INFORMATION SUPPLIED:
....................

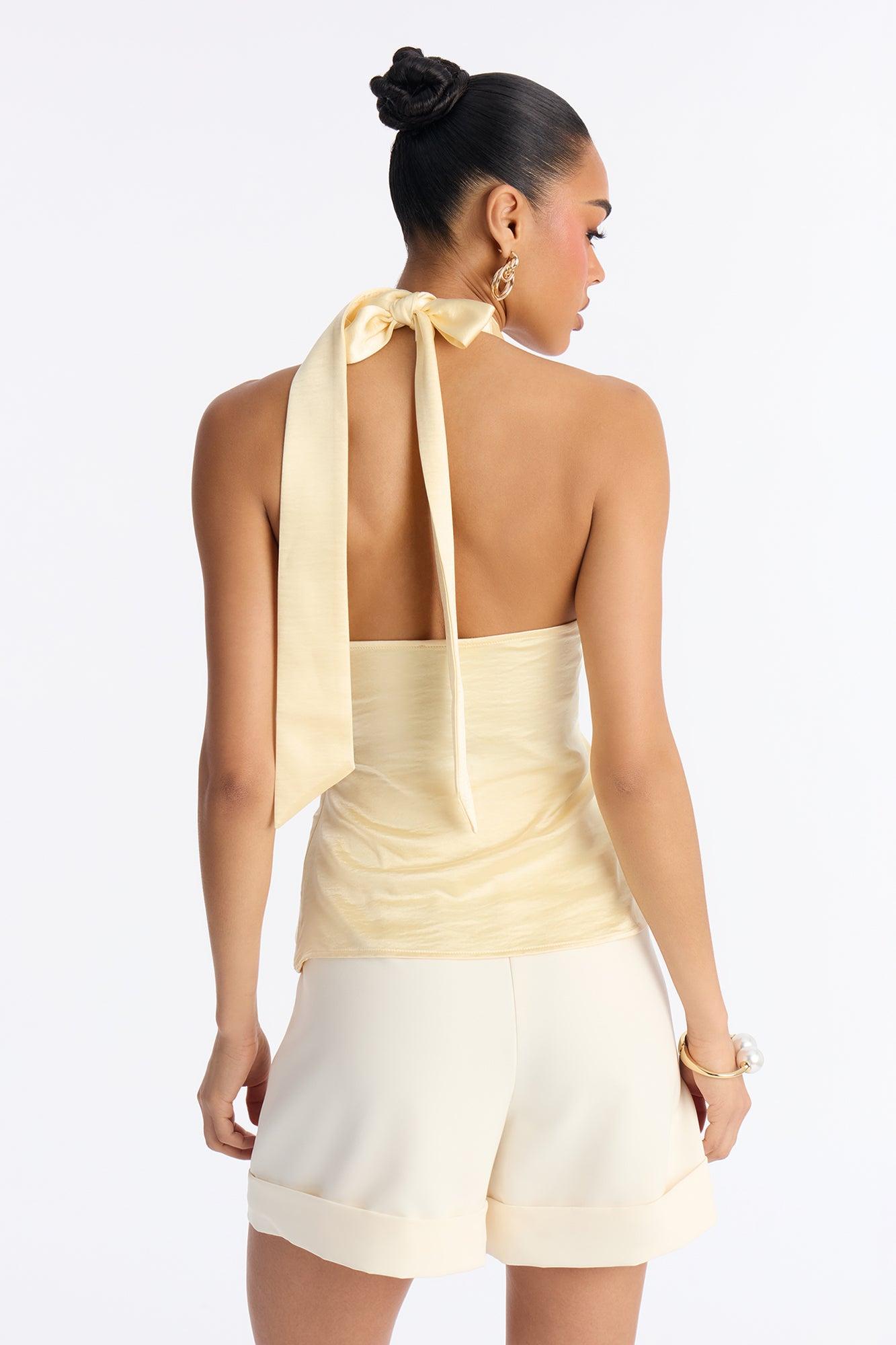 Too Rare To Care Lace Trim Satin Halter Top - Butter Yellow Female
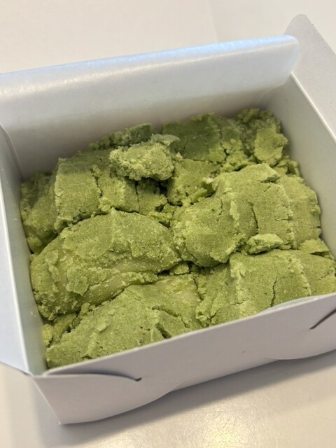白餡と抹茶を丁寧に混ぜ合わすことで不思議なほどサラッとした食感に仕上がっており、口の中ですっと溶けていく新食感の抹茶餅は、誰もが虜になってしまう味わい(๑˃̵ᴗ˂̵)
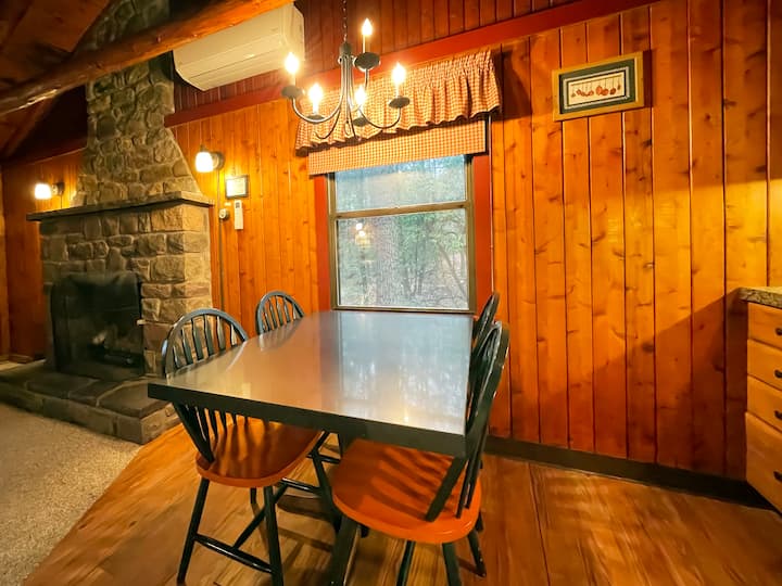 这间舒适的小木屋周围环绕着高耸的松树、郁郁葱葱的杜鹃花和桂冠,是完美的度假胜地。 非常安静,配有令人惊叹的石壁炉(无需木材)和带顶棚的木门廊,您的小木屋也靠近沙滩、游乐场和自然步道。
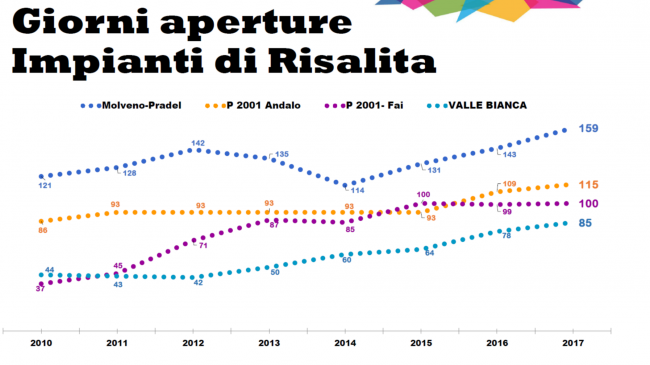 Positivo anche il dato che evidenzia l’aumento di arrivi e presenze in giugno e settembre, testimoniato anche dall'ottima risposta delle società degli impianti di risalita, che hanno aumentato i periodi di apertura, in alcuni casi anche di un mese negli ultimi 7 anni.

....................

REQUIRED ACTION: Return the listing unchanged except for the pictures, which should be dropped.

WRITTEN RESPONSE:
 Too Rare To Care Lace Trim Satin Halter Top - Butter Yellow Female
白餡と抹茶を丁寧に混ぜ合わすことで不思議なほどサラッとした食感に仕上がっており、口の中ですっと溶けていく新食感の抹茶餅は、誰もが虜になってしまう味わい(๑˃̵ᴗ˂̵)
 这间舒适的小木屋周围环绕着高耸的松树、郁郁葱葱的杜鹃花和桂冠,是完美的度假胜地。 非常安静,配有令人惊叹的石壁炉(无需木材)和带顶棚的木门廊,您的小木屋也靠近沙滩、游乐场和自然步道。
 Positivo anche il dato che evidenzia l’aumento di arrivi e presenze in giugno e settembre, testimoniato anche dall'ottima risposta delle società degli impianti di risalita, che hanno aumentato i periodi di apertura, in alcuni casi anche di un mese negli ultimi 7 anni.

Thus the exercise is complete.